Niezwykłe zadowolenie napełniało jego członki, a umysł był dobrze usposobiony. Mięszał swoje fantazye z falami dymu, wśród tego przyćmionego światła, w którem barwy i kształty nabierały nęcącej niepewności.
Mimowoli myśli jego nie cofały się w dnie minione, lecz szły w przyszłość. — Zobaczy Donnę Maryę za dwa, za trzy miesiące, kto wie? może o wiele prędzej; i wtenczas nawiąże znowu tę miłość, która zawierała dlań tyle mrocznych obietnic i tyle tajemnych ponęt. Byłaby to prawdziwa druga miłość, z głębokością i słodyczą drugiej miłości.
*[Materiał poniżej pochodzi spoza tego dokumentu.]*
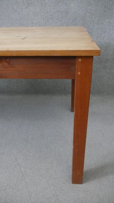 A Retrouvius refectory dining table with reclaimed poplar planked top raised on square tapering supports. H.74 W.200 D.86cm

Donna Marya Ferres zdawała się być dla umysłowca Kochanką Idealną, l’Amie avec des hanches, według wyrażenia Karola Baudelaire’a, jedyną Consolatrix, tą, co umacnia i przebacza, umiejąc przebaczać. Z pewnością, zaznaczając w książce Shelley’a owe dwa bolesne wiersze, musiała w sercu powtarzać inne słowa; i, czytając cały poemat, musiała płakać, jak magnetyczna Dama i myśleć długo o pobożnej trosce, o cudownem uzdrowieniu. „I can never be thine“ Czemu nigdy? Zbyt namiętnie, owego dnia, w lesie Vicomile, odpowiedziała była: — Kocham pana, kocham, kocham!
Jeszcze słyszał jej głos, ten niezapomniany głos. I przyszła mu na myśl Helena Muti, zbliżyła się do tamtej, zlała się z nią, wywołana owym głosem; i powoli zwróciła jego myśli ku obrazom rozkoszy. Łóżko, na którem leżał i wszystkie rzeczy wokoło, świadki i współwinowajce dawnych upojeń, zwolna zwolna nasuwały mu obrazy rozkoszy. Zaczął w swej wyobraźni ciekawie rozbierać sijenienkę, owijać ją swojem pożądaniem, nadawać jej postawy oddania się, widzieć ją w swych ramionach, rozkoszować się nią. Materyalne posiadanie tej kobiety tak dziewiczej i tak
Strona:PL Gabryel d’Annunzio - Rozkosz.djvu/270
Ta strona została przepisana.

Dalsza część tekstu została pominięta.